Type: | Package |
Title: | Stabilized Nearest Neighbor Classifier |
Version: | 1.1 |
Date: | 2015-08-22 |
Author: | Wei Sun, Xingye Qiao, and Guang Cheng |
Maintainer: | Wei Sun <sunweisurrey8@gmail.com> |
Description: | Implement K-nearest neighbor classifier, weighted nearest neighbor classifier, bagged nearest neighbor classifier, optimal weighted nearest neighbor classifier and stabilized nearest neighbor classifier, and perform model selection via 5 fold cross-validation for them. This package also provides functions for computing the classification error and classification instability of a classification procedure. |
License: | GPL-3 |
Depends: | R (≥ 3.0.0), stats |
Packaged: | 2015-08-22 22:19:27 UTC; wei |
NeedsCompilation: | no |
Repository: | CRAN |
Date/Publication: | 2015-08-23 10:22:09 |
Package for Stabilized Nearest Neighbor Classifier
Description
A package for implementations of various nearest neighbor classifiers, including K-nearest neighbor classifier, weighted nearest neighbor classifier, bagged nearest neighbor classifier, optimal weighted nearest neighbor classifier, and a new stabilized nearest neighbor classifier. This package also provides functions for computing the classification error and classification instability of a classification procedure.
Details
Package: | snn |
Type: | Package |
Version: | 1.0 |
Date: | 2015-07-31 |
License: | GPL-3 |
The package "snn" provides 8 main functions: (1) the classification error. (2) the classification instability. (3) the K-nearest neighbor classifier. (4) the weighted neighbor classifier. (5) the bagged nearest neighbor classifier. (6) the optimal nearest neighbor classifier. (7) the stabilized nearest neighbor classifier. (8) the model selection via cross-validation for K-nearest neighbor classifier, bagged nearest neighbor classifier, optimal nearest neighbor classifier, and stabilized nearest neighbor classifier.
Author(s)
Wei Sun, Xingye Qiao, and Guang Cheng
Maintainer: Wei Sun <sunweisurrey8@gmail.com>
References
W. Sun, X. Qiao, and G. Cheng (2015) Stabilized Nearest Neighbor Classifier and Its Statistical Properties. Available at arxiv.org/abs/1405.6642.

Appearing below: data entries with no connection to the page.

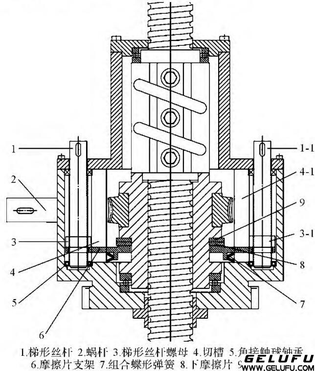滾珠絲桿升降機(jī)制動(dòng)結(jié)構(gòu)簡(jiǎn)圏如圖2所示。 整個(gè)制動(dòng)結(jié)構(gòu)主要有梯形絲桿、禪形絲桿螺母、 摩檫片支架、角接觸球軸承、組合蝶形彈簧及摩 擦片等組成。其工作原理為減速電機(jī)帶動(dòng)梯形絲 桿1、1-1做旋轉(zhuǎn)運(yùn)動(dòng),梯形絲桿帶動(dòng)梯形鏠桿 螺母3、34做JTF移動(dòng),梯形絲桿螺母和摩擦 片支架6之間用.銷(xiāo)軸連接,當(dāng)螺母3、3-1向下 運(yùn)動(dòng)時(shí),它們向下推摩擦片支架,組合碟形彈簧 7被班縮,摩擦片8和9分開(kāi),制動(dòng)松閘;當(dāng)螺 母3、3-1向上運(yùn)動(dòng)時(shí),它們和摩擦片支架分開(kāi), 摩擦片支架在組合碟形彈簧的作用下向上運(yùn)動(dòng),摩擦片8和9接觸壓紫,蝸輪和絲杠螺母被制 動(dòng),即絲杠螺母不能逆旋轉(zhuǎn),從而滾珠絲杠不能 上下移動(dòng),實(shí)現(xiàn)滾珠絲桿升降機(jī)制動(dòng)。
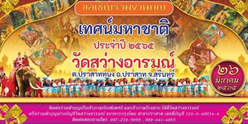 ด้วยวัดสว่างอารมณ์ พร้อมด้วยพุทธศาสนิกชน อุบาสกอุบาสิกา ในเขตบริการของวัด ได้จัดงานบุญเทศน์มหาชาติ ประจำปี ๒๕๖๕ ขึ้น เพื่อเป็นการอนุรักษ์วัฒนธรรมไทย ขนบธรรมเนียมประเพณีอันดีงามของชุมชน อีกทั้งเป็นการอุปถัมภ์บำรุงพระพุทธศาสนา สืบสานวัฒนธรรมให้อนุชนรุ่นหลังได้ศึกษา และนำไปปฏิบัติ ให้เกิดเป็นสิริมงแก่ตนเอง และบุคคลอื่น
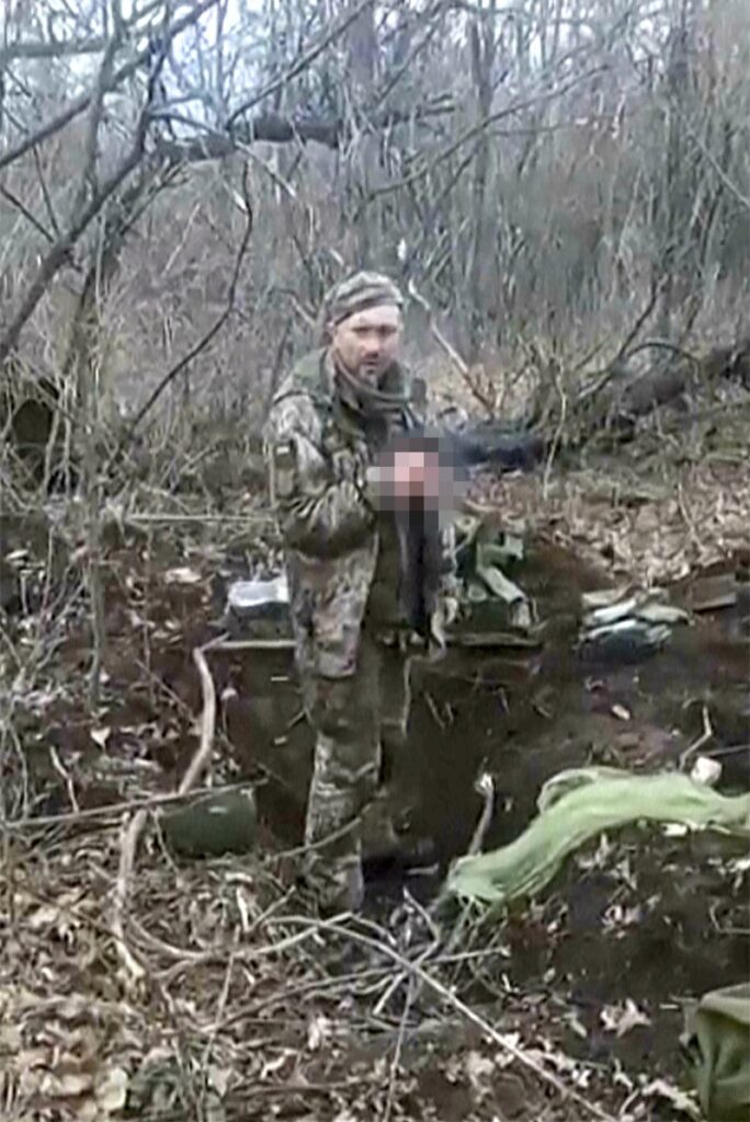 法新社報導,影片內容似乎顯示,一名被俘的烏克蘭戰士站在淺溝中抽著菸,當他說出「榮耀歸於烏克蘭」時遭以自動武器射殺多槍。
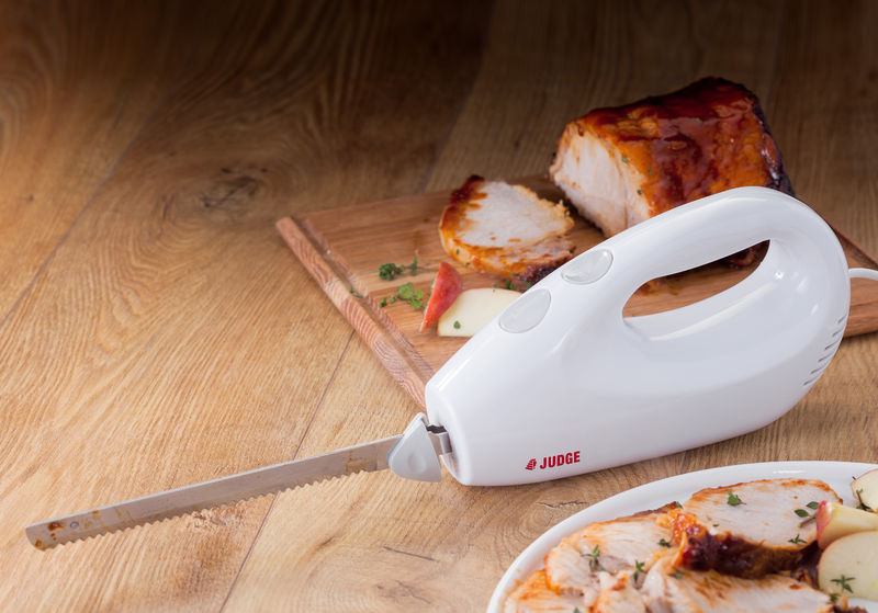 Serrated Universal Blade – Detachable blades carve meat, slice bread and more.

Tuning via 5 fold Cross-Validation.
Description
Implement the tuning procedure for K-nearest neighbor classifier, bagged nearest neighbor classifier, optimal weighted nearest neighbor classifier, and stabilized nearest neighbor classifier.
Usage
cv.tune(train, numgrid = 20, classifier = "snn")
Arguments
train |
Matrix of training data sets. An n by (d+1) matrix, where n is the sample size and d is the dimension. The last column is the class label. |
numgrid |
Number of grids for search |
classifier |
The classifier for tuning. Possible choices are knn, bnn, ownn, snn. |
Details
For the K-nearest neighbor classifier (knn), the grids for search are equal spaced integers in [1, n/2].
Given the best k for the K-nearest neighbor classifier, the best parameter for the bagged nearest neighbor classifier (bnn) is computed via (3.5) in Samworth (2012).
Given the best k for the K-nearest neighbor classifier, the best parameter for Samworth's optimal weighted nearest neighbor classifier (ownn) is computed via (2.9) in Samworth (2012).
For the stabilized nearest neighbor classifier (snn), we first identify a set of lambda's whose corresponding risks are among the lower 10th percentiles, and then choose from them an optimal one which has the minimal estimated classification instability. The grids of lambda's are chosen such that each one is corresponding to an evenly spaced grid of k in [1, n/2]. See Sun et al. (2015) for details.
Value
The returned list contains:
parameter.opt |
The best tuning parameter for the chosen classifier. For example, the best K for knn and ownn, the best ratio for bnn, and the best lambda for snn. |
parameter.list |
The list of parameters in the grid search for the chosen classifier. |
Author(s)
Wei Sun, Xingye Qiao, and Guang Cheng
References
R.J. Samworth (2012), "Optimal Weighted Nearest Neighbor Classifiers," Annals of Statistics, 40:5, 2733-2763.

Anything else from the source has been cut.